Matt Price <mopto...@gmail.com> writes:

> Does anyone use org-annotate actively? I'm wondering what your
> workflow is, how you incorporate comments, etc.  

I wrote it, and I don't use it that much. I do use it for quick
notes-to-self when writing, but footnotes do the job just as well.

> I'm hoping to embark on a book project with a colleague. I would like
> to use org-mode if I can, but I need to get a sense of the
> collaboration workflow. When you work on projects together, do you use
> annotations? Or git pull requests? If the latter, od you use any
> filters, or any magit tricks, to approve or modify suggested changes
> chunk by chunk?  

It's a huge problem, and one that org-annotate isn't going to solve.

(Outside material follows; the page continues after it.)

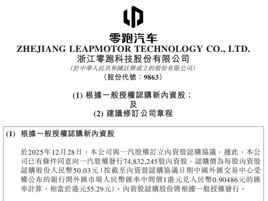 12月29日,零跑汽车发布公告称,12月28日,其与中国一汽全资附属公司一汽股权投资(天津)有限公司(下称“一汽股权”)订立内资股认购协议,计划以每股50.03元的价格发行7483.22万股内资股,总筹资约37.44亿元,其中约50%将用于研发投入,约25%将用于补充营运资金及一般公司用途,约25%将用于扩大销售及服务网络并增强品牌知名度。

I
do a lot of manuscript editing, and passing files around, and have only
barely gotten some people to accept my "weird" workflow, which is to
send them a clean version of an edited file, and along with that an HTML
file containing htmlized word-diff output, where the insertions and
deletions are colorized. They make further edits on the clean copy, and
I do another go-around. It's a huge pain.

> My colleague is familiar with markdown but for major projects has only
> ever used word. I'm trying to figure out how best to help her move to
> a text--based mode of production; the markdown ecosystem seems a lot
> larger, and I don't want the transition to be too painful. But OTOH I
> really want to stay in org if I can!

I wish there were better solutions out there!